Every line of the material is to be returned verbatim. Pictures stay out.

> _Input data_
_ _ _

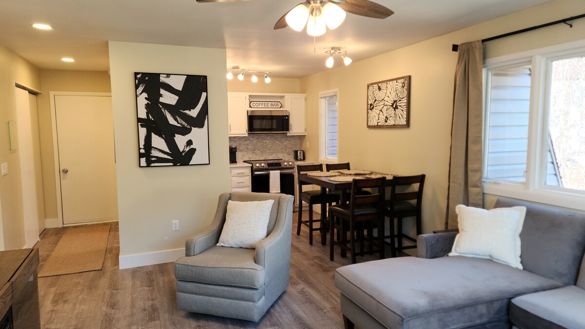 1 bedroom 1930's guest cottage with a living room. Near many hiking trails. Window air conditioner brand new, ceiling fans in living room and bedroom. Separate windowed bedroom with new full size mattress. Full size gas stove, microwave, fridge, Keurig coffee maker, toaster and large tiled counter and sink. Full bath off bedroom with large clawfoot tub and shower combination and sink and brand new toilet. Wifi , flat screen Smart TV. Vintage cast iron fireplace with electric insert.
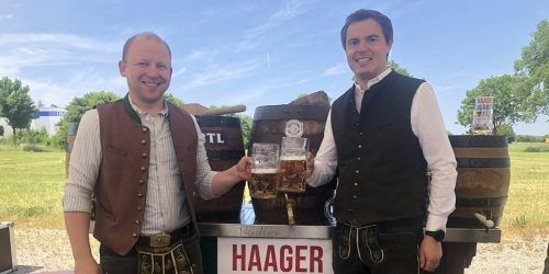 Überraschung bei der Vorstellung des Programms für das 12. Haager Herbstfest vom 29. September bis 8. Oktober: Veranstalter Bernd Furch übergibt an Manuel Scheyerl (rechts) und Stefan Staudinger von der Firma SAS. Beide Zelte werden viel größer als 2022. Die Location von Christian Lettl erhält einen
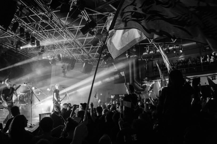 21:15 Uhr – Zeit für die Hauptband. Während vor der Bühne das „Nichts zu Verlieren“ - Albumcover in riesiger Dimension die Bühne vor Blicken abschirmt, wuselt sich das Streetteam der Rogers in Formation durch die Menschenmenge des ausverkauften zakk um direkt vor der Bühne Stellung zu beziehen. Das Intro von „Nie Euer Land“ startet und mit den Drumrolls schießen auf jeden Trommelschlag Konfettikanonen aus den Händen der sich vor wenigen Sekunden noch durchgewuselten Streetteam-Menschen und tauchen die Konzerthalle in ein wahres Konfettimeer. Von der ersten Sekunde an also Vollgas und schon mit dem Drop des Banners eskaliert die Menge als ob die Band schon eine Stunde spielt. Die ersten Körper halten es nicht mehr im Erdgeschoss aus und schweben über die sich wogende Masse mitsingender Besucher in die sanften Arme der aufmerksamen Security-Mitarbeiter.
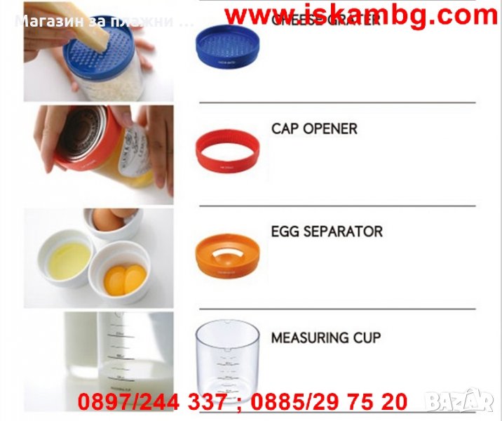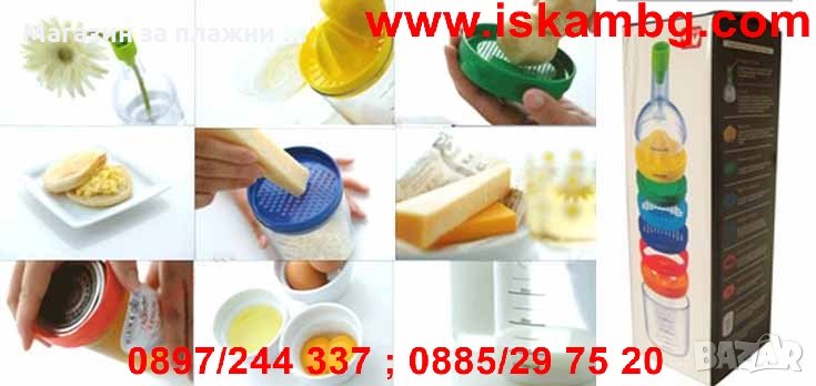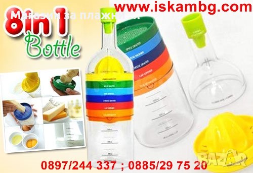 В бутилката има включени осем инструмента, които са идеалните помощници за всяка една кухня. С тези 8 приставки можете да изстисквате сок от любим плод, да режете яйца, да отваряте капачки и още много други неща. Абсолютно всички инструменти можете да ги наредите вертикално под формата на бутилката и така ще си освободите място за други принадлежности в кухнята. Благодарение на перфектния си и стилен дизайн, този артикул се вписва идеално във всеки кухненски интериор. Бутилката е многофункционална и практична и съдържа в себе си нужните приставки, с благодарение на които можете да приготвите вашето любимо ястие. Продуктът е чудесна идея за подарък за нов дом или любим човек, обичащ кулинарията.

_ _ _

> _Response_
 1 bedroom 1930's guest cottage with a living room. Near many hiking trails. Window air conditioner brand new, ceiling fans in living room and bedroom. Separate windowed bedroom with new full size mattress. Full size gas stove, microwave, fridge, Keurig coffee maker, toaster and large tiled counter and sink. Full bath off bedroom with large clawfoot tub and shower combination and sink and brand new toilet. Wifi , flat screen Smart TV. Vintage cast iron fireplace with electric insert.
 Überraschung bei der Vorstellung des Programms für das 12. Haager Herbstfest vom 29. September bis 8. Oktober: Veranstalter Bernd Furch übergibt an Manuel Scheyerl (rechts) und Stefan Staudinger von der Firma SAS. Beide Zelte werden viel größer als 2022. Die Location von Christian Lettl erhält einen
 21:15 Uhr – Zeit für die Hauptband. Während vor der Bühne das „Nichts zu Verlieren“ - Albumcover in riesiger Dimension die Bühne vor Blicken abschirmt, wuselt sich das Streetteam der Rogers in Formation durch die Menschenmenge des ausverkauften zakk um direkt vor der Bühne Stellung zu beziehen. Das Intro von „Nie Euer Land“ startet und mit den Drumrolls schießen auf jeden Trommelschlag Konfettikanonen aus den Händen der sich vor wenigen Sekunden noch durchgewuselten Streetteam-Menschen und tauchen die Konzerthalle in ein wahres Konfettimeer. Von der ersten Sekunde an also Vollgas und schon mit dem Drop des Banners eskaliert die Menge als ob die Band schon eine Stunde spielt. Die ersten Körper halten es nicht mehr im Erdgeschoss aus und schweben über die sich wogende Masse mitsingender Besucher in die sanften Arme der aufmerksamen Security-Mitarbeiter.
 В бутилката има включени осем инструмента, които са идеалните помощници за всяка една кухня. С тези 8 приставки можете да изстисквате сок от любим плод, да режете яйца, да отваряте капачки и още много други неща. Абсолютно всички инструменти можете да ги наредите вертикално под формата на бутилката и така ще си освободите място за други принадлежности в кухнята. Благодарение на перфектния си и стилен дизайн, този артикул се вписва идеално във всеки кухненски интериор. Бутилката е многофункционална и практична и съдържа в себе си нужните приставки, с благодарение на които можете да приготвите вашето любимо ястие. Продуктът е чудесна идея за подарък за нов дом или любим човек, обичащ кулинарията.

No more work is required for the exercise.